Danny raises his hands in defeat and shakes his head, disappointed. “Shouldn`t have brought you here tonight. Shouldn`t have tried to kiss you. Who knows, maybe I shouldn`t have even tried to get closer to you at all. You are still clinging to the past anyway.”

Now it`s time for Jorel to be the furious one. “I`ve said it before, I`ll say it again, _Danny_ ,” he sneers. “I do like you. The fact that I didn`t kiss you back or take things further is because, one, I am not ready. Two, these aren`t the best circumstances for it, I can`t just erase from my memories everything I had in the past with him. He was a huge part of my life. Three, it was you who suggested this “being honest” policy, and I was always open with you. Like with almost no one ever. And you accuse _me_ of lying, claim that _my_ feelings aren`t legit. Fuck you, Daniel. Fuck you, and your entitlement. Having money might give you all the powers in the world, but one. You`re not in charge of deciding whose feelings are real or not.”

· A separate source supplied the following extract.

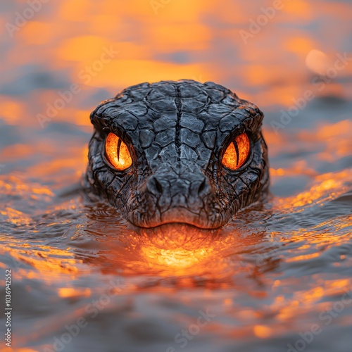 Fiery dragon emerging from the water at sunset
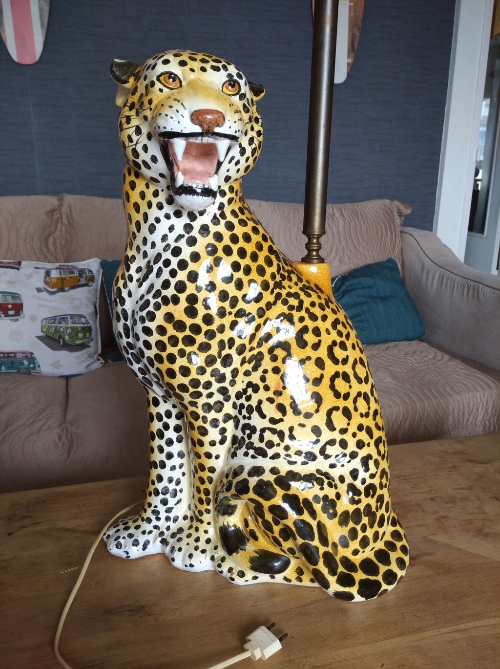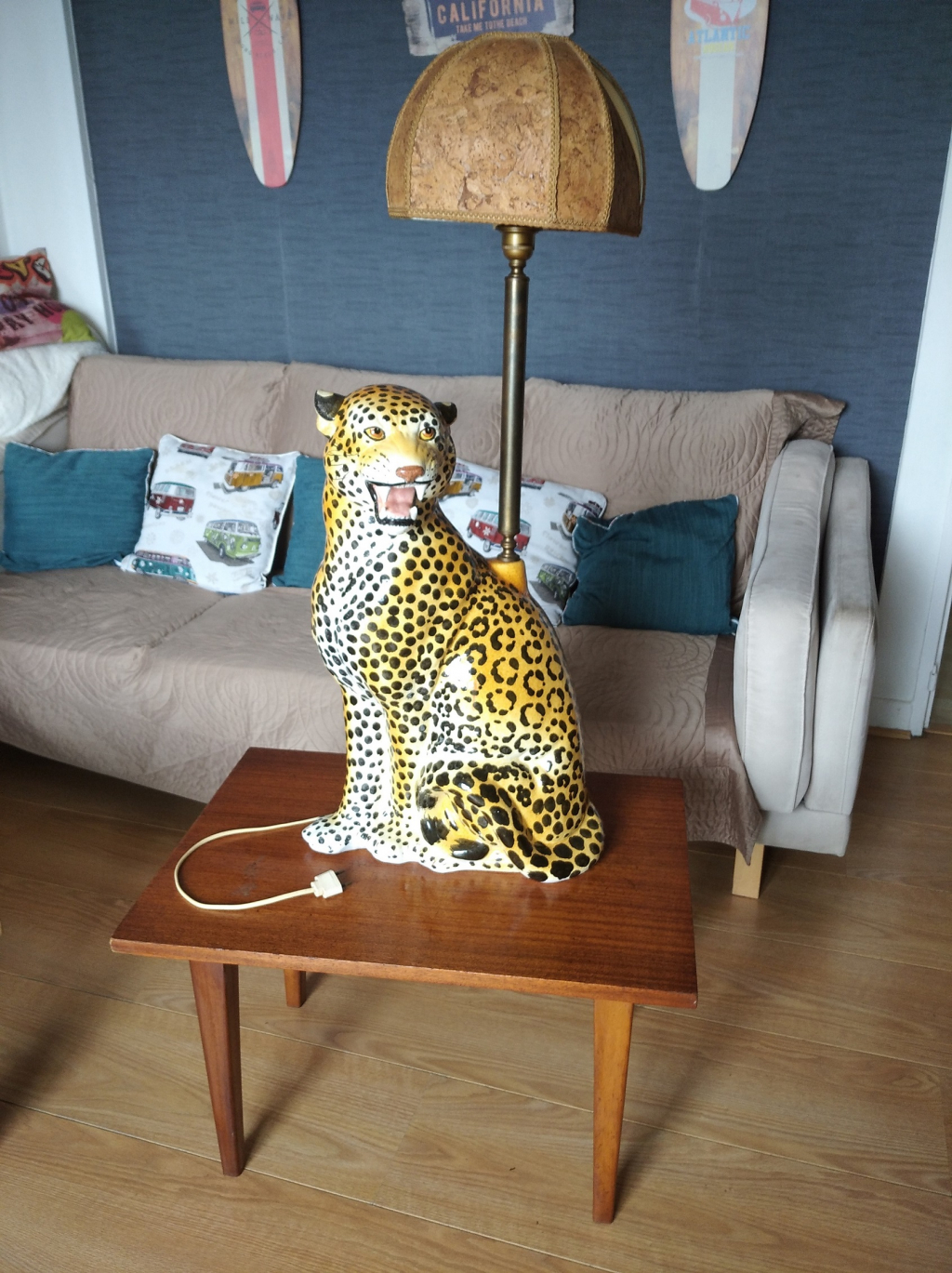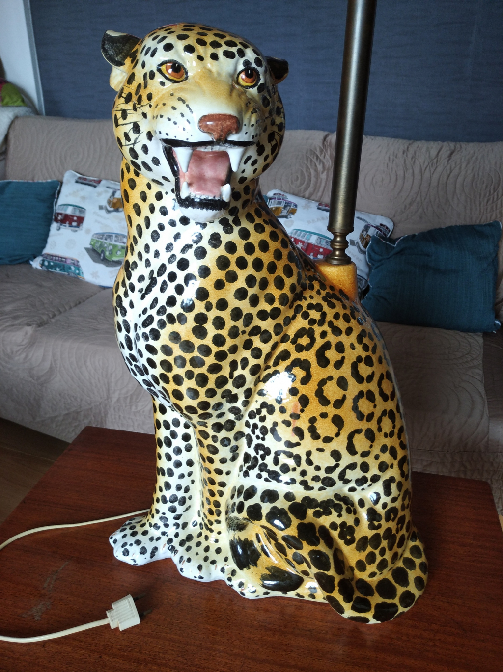 France estimations a reçu la demande d'estimation suivante intitulée par le déposant : Sculture porcelaine lampe léopard années 60.

The look on Danny`s face says it all. Jorel hasn`t stopped himself in time, and he has said something that he already regrets. But what`s done is done, there`s no way back.

“I see. I got you, Jay. I`m not only the attention whore, I`m also the rich brat, who just uses people for benefit. I see, I see. Thanks for letting me know,” Danny blinks away freshly formed tears, shakes his head once again and throws last glance at Jorel before turning around and heading towards his parked car.

Jorel doesn`t follow.


	11. Chapter 11

**Notes for the Chapter:**

> If there are still people reading this, then thank you so much for sticking up <3   
> Love you all!

Light breeze from the ocean is pleasant and cool against Jorel`s skin, he keeps his eyes closed, sitting on the ground, enjoying the sound of the ocean tide. Still dressed up fancier than usual, he looks like one of those people who have just had a night out of their lives. When the fun is over and all that is left to do is just waiting for five am, the time for the Metro Rail to start operating again. Of course he could have just called an Uber, or a cab or whatever. He just makes all the excuses in his head. The reason for that is simple.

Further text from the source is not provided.